| COLLECTED MATERIAL |
=== Begin Enclosure ===
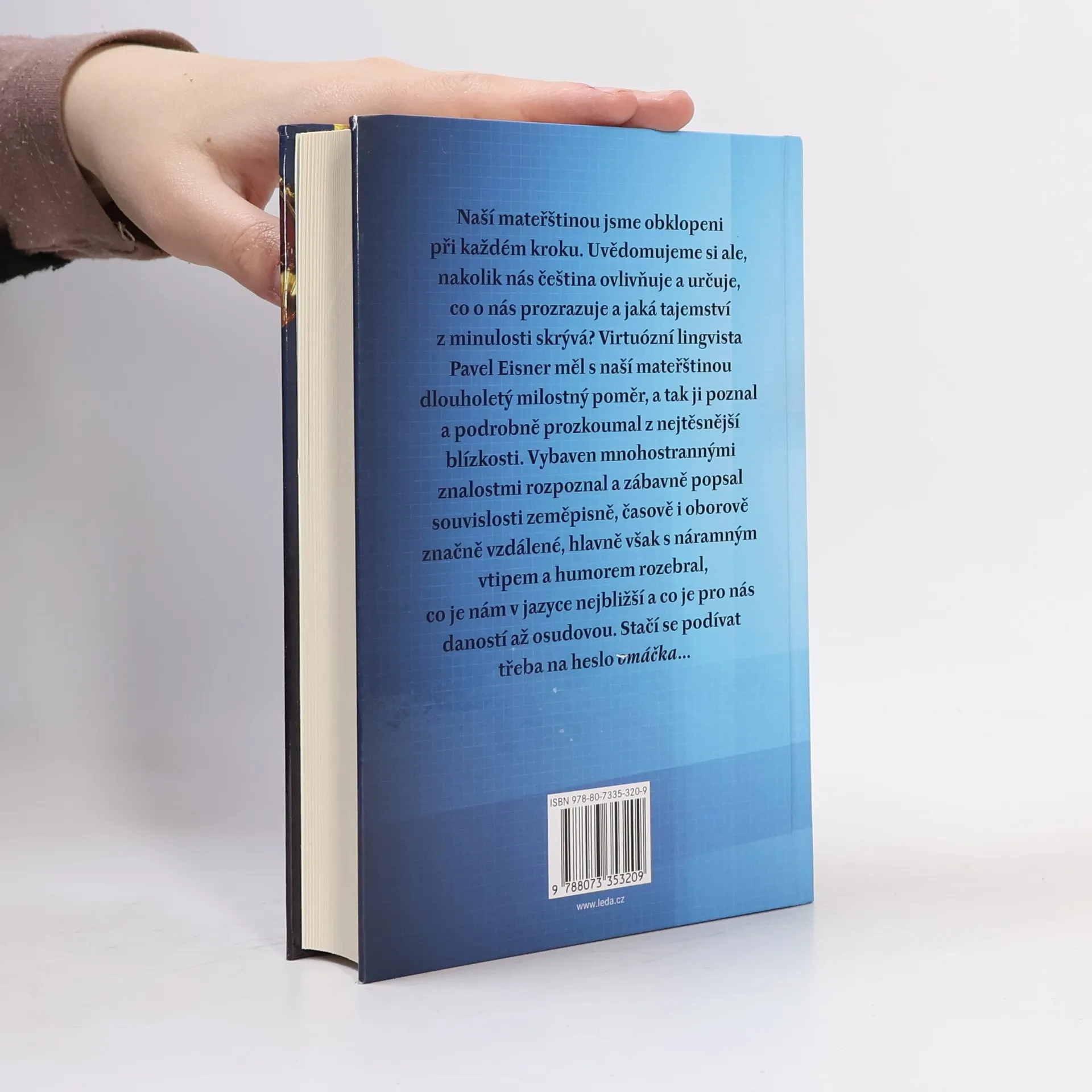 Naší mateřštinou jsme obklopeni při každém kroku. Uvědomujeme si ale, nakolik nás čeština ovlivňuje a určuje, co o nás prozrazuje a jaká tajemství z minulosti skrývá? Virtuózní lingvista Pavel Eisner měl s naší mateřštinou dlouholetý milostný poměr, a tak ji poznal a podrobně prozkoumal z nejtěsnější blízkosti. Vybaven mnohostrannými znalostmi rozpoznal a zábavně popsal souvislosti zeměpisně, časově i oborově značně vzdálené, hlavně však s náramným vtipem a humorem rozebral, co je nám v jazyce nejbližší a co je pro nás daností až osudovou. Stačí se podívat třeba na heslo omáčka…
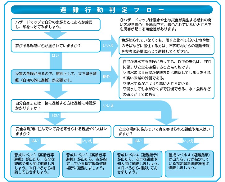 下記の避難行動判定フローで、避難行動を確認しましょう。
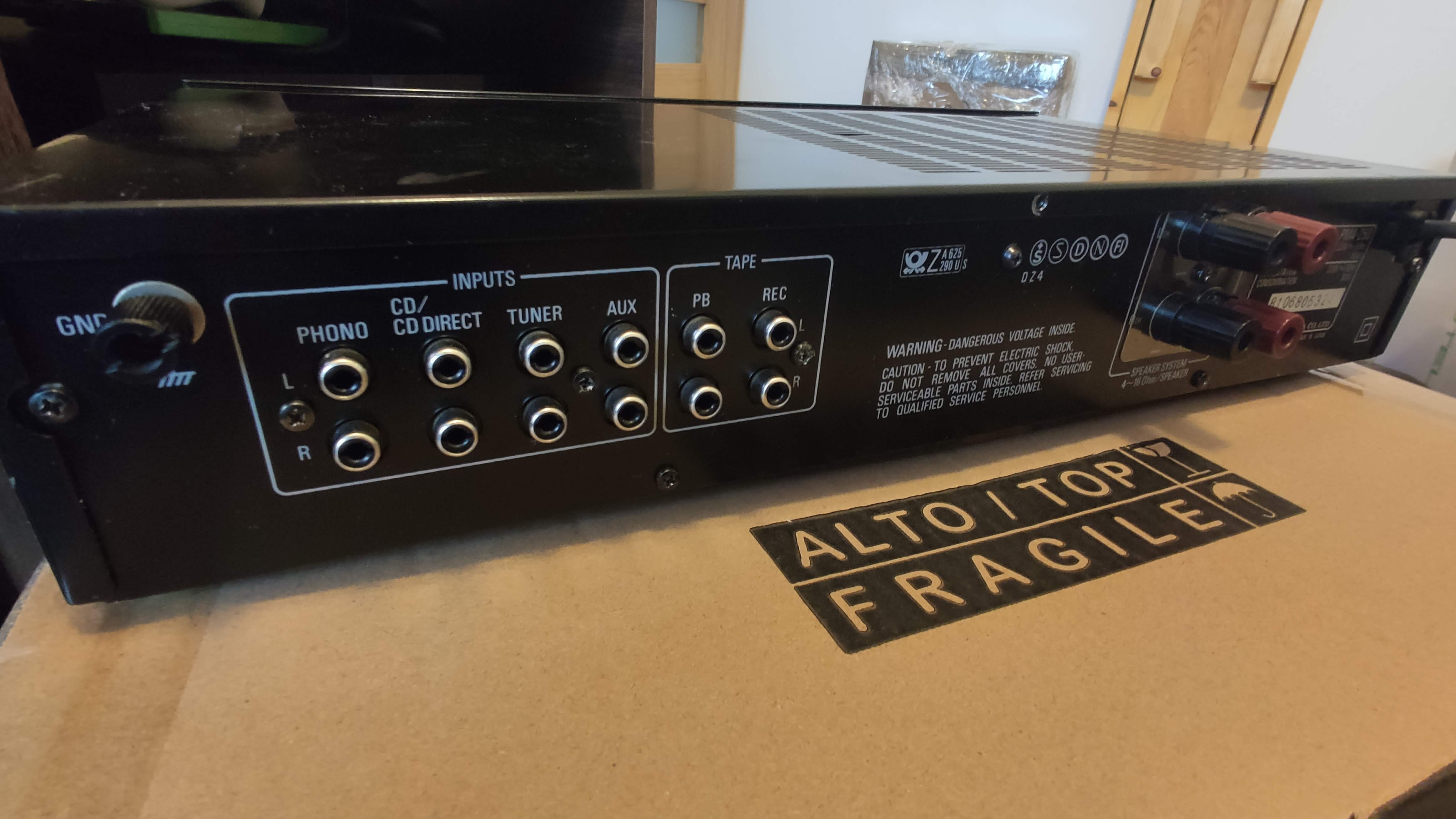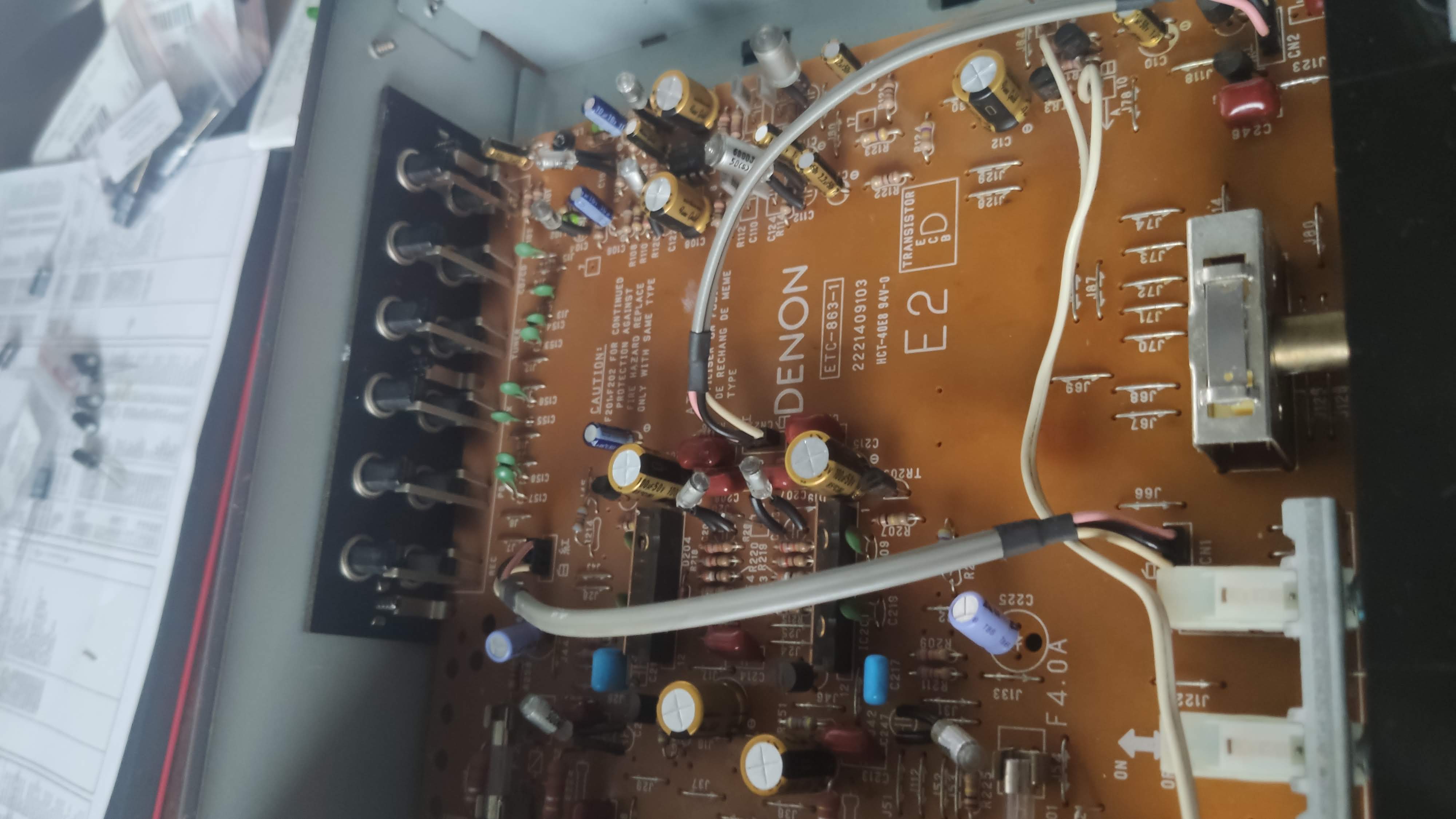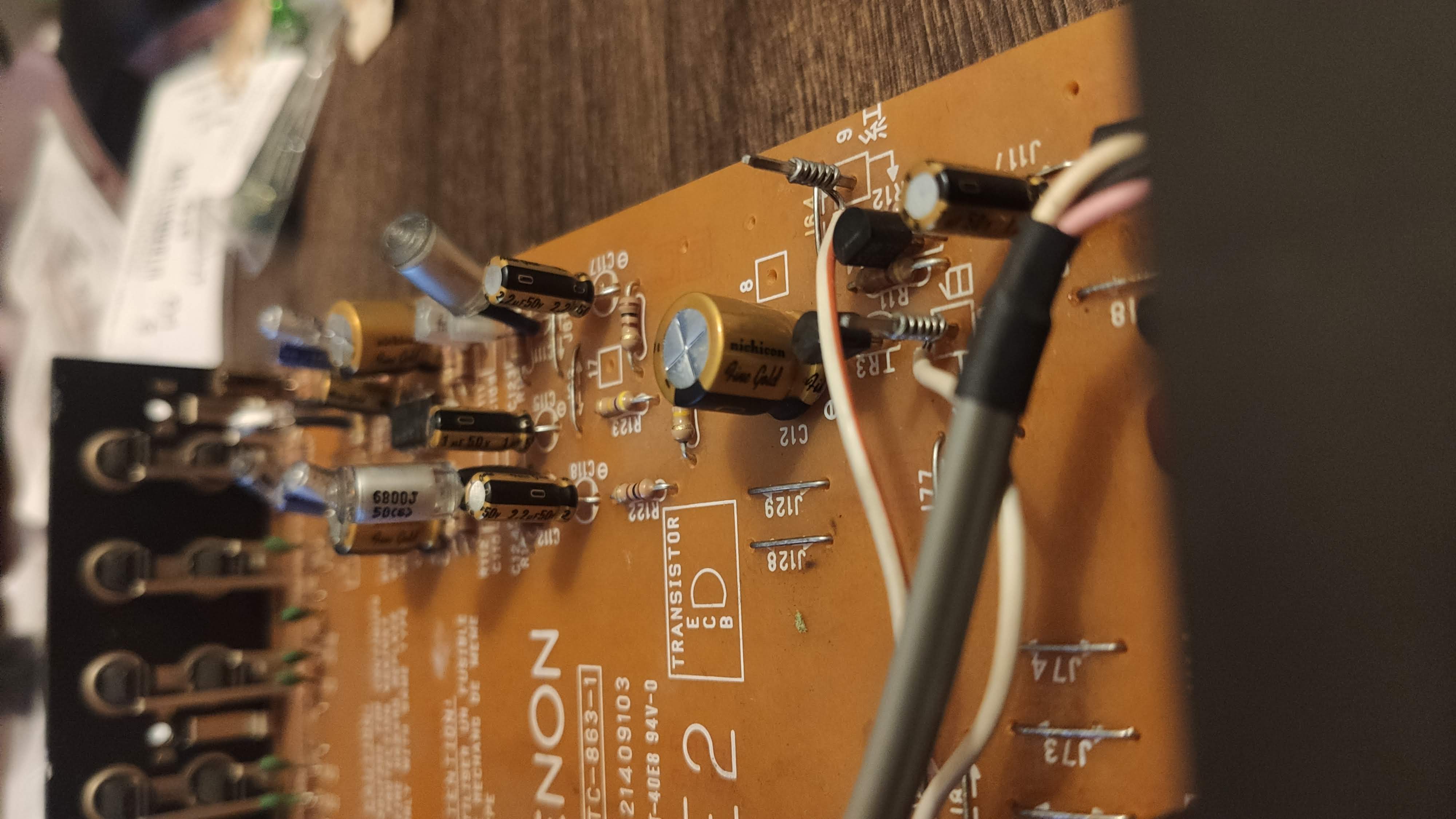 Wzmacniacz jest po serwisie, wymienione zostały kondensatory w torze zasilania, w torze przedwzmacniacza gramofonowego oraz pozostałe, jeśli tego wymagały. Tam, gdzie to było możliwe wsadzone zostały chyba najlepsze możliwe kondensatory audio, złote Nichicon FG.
=== End Enclosure ===
| DESCRIPTION OF THE TASK |
Leave out the pictures, then return every line of the data exactly.

| RESPONSE |
 Naší mateřštinou jsme obklopeni při každém kroku. Uvědomujeme si ale, nakolik nás čeština ovlivňuje a určuje, co o nás prozrazuje a jaká tajemství z minulosti skrývá? Virtuózní lingvista Pavel Eisner měl s naší mateřštinou dlouholetý milostný poměr, a tak ji poznal a podrobně prozkoumal z nejtěsnější blízkosti. Vybaven mnohostrannými znalostmi rozpoznal a zábavně popsal souvislosti zeměpisně, časově i oborově značně vzdálené, hlavně však s náramným vtipem a humorem rozebral, co je nám v jazyce nejbližší a co je pro nás daností až osudovou. Stačí se podívat třeba na heslo omáčka…
 下記の避難行動判定フローで、避難行動を確認しましょう。
 Wzmacniacz jest po serwisie, wymienione zostały kondensatory w torze zasilania, w torze przedwzmacniacza gramofonowego oraz pozostałe, jeśli tego wymagały. Tam, gdzie to było możliwe wsadzone zostały chyba najlepsze możliwe kondensatory audio, złote Nichicon FG.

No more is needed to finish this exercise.